И снова мама, как прежняя, даже поверить трудно, что такое есть, прячется под обычной ее сдержанностью, интеллигентностью, столь уважаемой в Глуше. И вот, нося в себе такой ужас перед любой угрозой ее детям, она все равно вела себя так, как вела, делала все то, что делала, - столько дней, месяцев, даже лет. Чем дольше я живу, тем меньше понимаю ее в этом. Но тем больше хочу это понять. Как и многое другое.
Но что я знаю теперь наверняка: все она делала не «из ненависти к врагу». Хотя нас столько лет воспитывали в ненависти к прошлым, нынешним, будущим врагам. «Наука ненависти» была наукой всех наук.
Нет, на бытовом уровне это чувство ей было не чуждо. Свидетельств тому хватало. Как менялся ее голос, какими непримиримыми делались глаза и сразу темнели, когда заговаривала с отцом (не прямо, но даже нам были понятны намеки) о Розе Марковне, которая заведовала аптекой до мамы. Думаю, что мама уехала учиться в Могилев, передав нас «на руки» тете Витковской, чтобы не потерять в глазах мужа, из чувства соперничества с кокетливо-круглоокой Розой Марковной. Случалось, что и «пилила» мужа по ночам, а спальня у нас одна на всех, и мы не могли не слышать. Однажды крик нас разбудил: отец куда-то побежал, а мы, не веря своим ушам, слышим мамино: «Детки, папа ваш убить меня хочет!» Ей показалось, что он побежал за топором, а мне, когда отец вернулся с горящей папиросой, почудилось, что в голосе матери, так напугавшем, было нечто нарочито-женское, слишком женское, для нее так не характерное. Так что со страстями у нашей мамы было все в порядке.
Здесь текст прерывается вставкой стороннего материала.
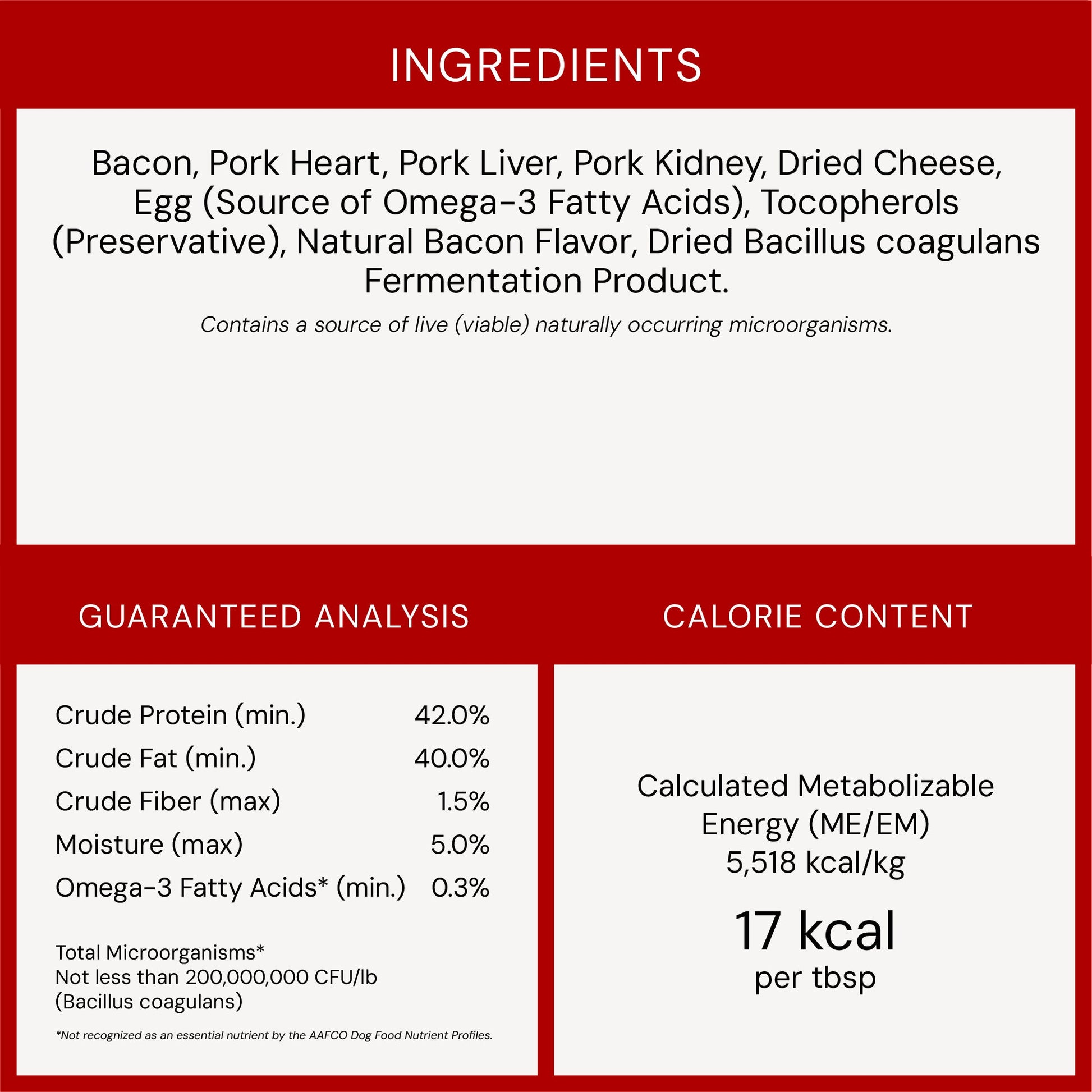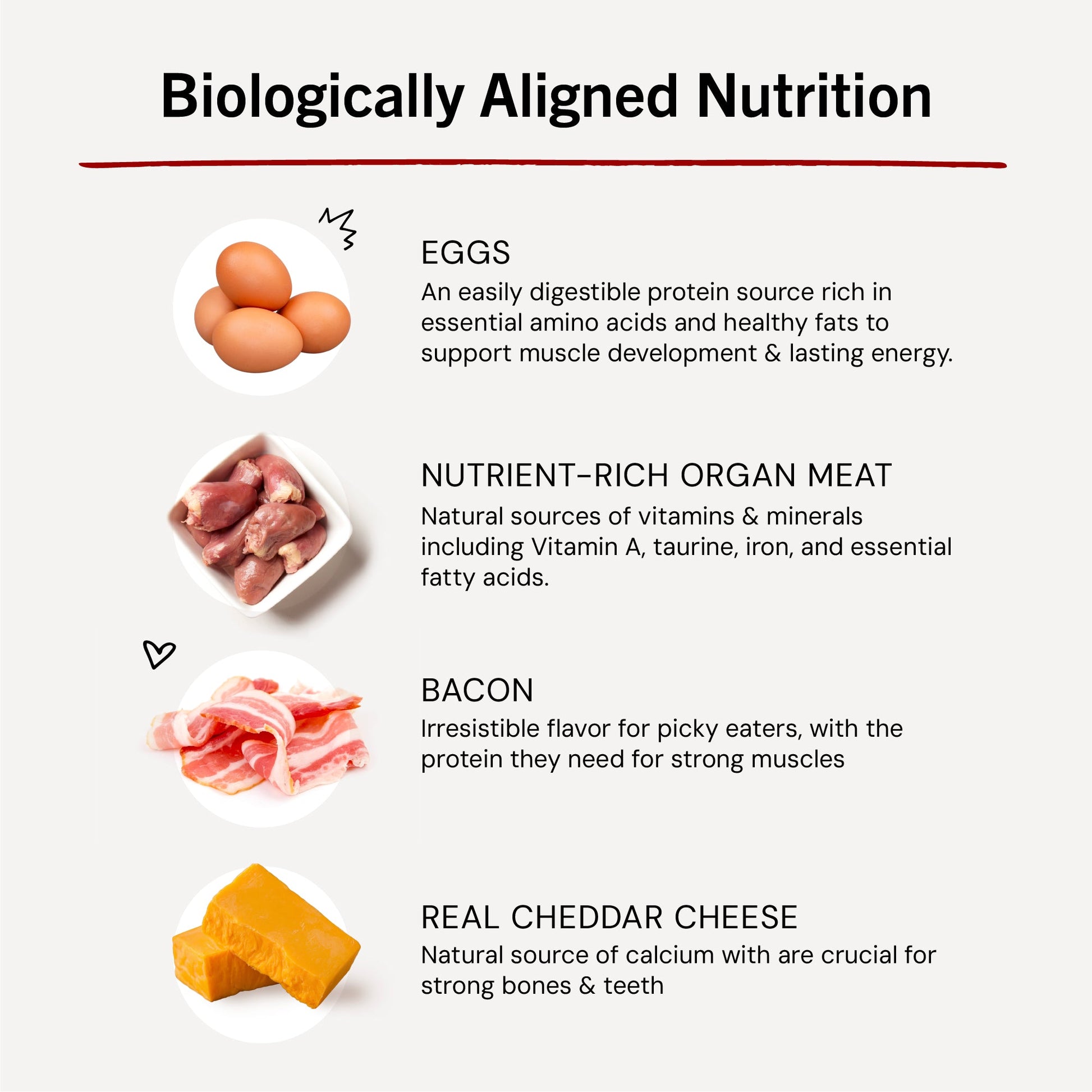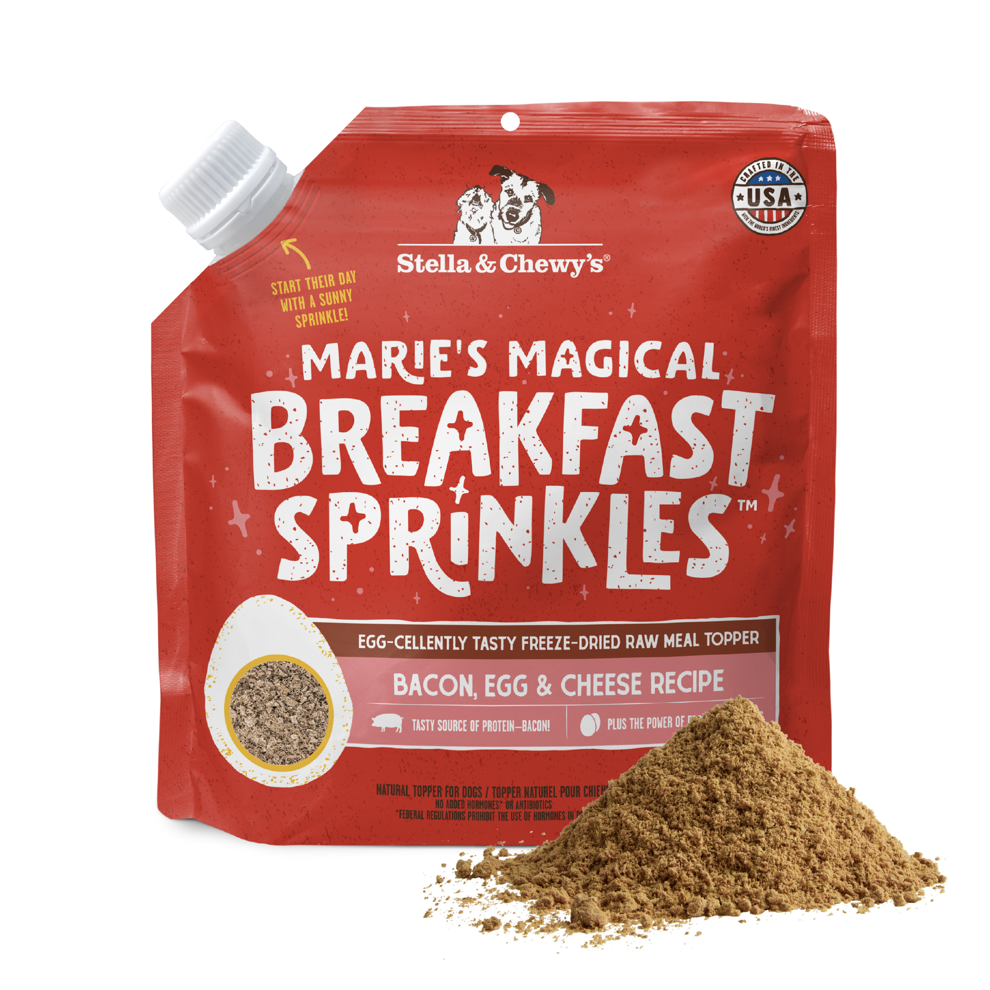 - Perfect for picky eaters—a sprinkle of freeze-dried bacon, egg, and natural cheddar cheese that adds irresistible flavor to your pet’s breakfast.

И в то же время - никакой, ну, никакой ненависти и даже враждебности к тем, против кого она тайно работала, кого убивали ее друзья-подпольщики, партизаны и кто, в свою очередь, ждал и готов был нас всех уничтожить. Как это возможно, не знаю. Но именно так было, я-то хорошо чувствовал свою маму. Не было в ней, это точно, того, что распирало, например, ее младшего сына - злорадства, если я видел убитых или раненых немцев, которых, осторожно снимая с иссеченной пулями машины, сносили в комендатуру. Мою эту неутолимую ненависть, вероятно, ощутил молодой немец, когда вдруг бросился ко мне, подростку с ведром, жадно шарящему глазами по залитым кровью бортам машины, - схватил за плечо, я отскочил в канаву и подальше, подальше от него, пятясь к колодцу, к которому я будто бы направлялся.
Зимой 41-го в дом к нам вбежал молоденький солдат, рухнул на стул, сорвал закаменевший на морозе сапог и, по-щенячьи скуля, начал растирать побелевшие пальцы ноги, при этом смешно гримасничая, как бы проверяя, есть ли у него, живые ли нос, губы, щеки. А, не нравится? Что, от самой Москвы бежишь? Из спальни вышла мама с мягонькими фланелевыми онучками (портянками).
- Немцу? - крикнул сын.
- Какой он немец? - оправдываясь, сказала мать. - Дитя какое-то.
* * *
Перед войной к нам приходили Витковская и жена директора школы Мария Даниловна, и мама не могла не поддерживать тех, кому хуже, чем нам. В первые дни войны к нам зачастила семья Левиных, как бы зная или угадывая эту мамину особенность, сторону натуры. Пойти к кому-нибудь, выговориться (слухи такие страшные о расправах над евреями!), услышать слово участия, какой-нибудь совет, дома одним сидеть еще страшнее - понятно, что гнало их к нам, хотя до войны мы никак не общались с этой семьей. Рядом с аптекой жили Альтшули (сын Мейер, дочка Бая), вот с ними мы были в дружбе - они успели уехать на заводской машине вместе с семьями директора завода и проныры Бляхера, коммерческого директора.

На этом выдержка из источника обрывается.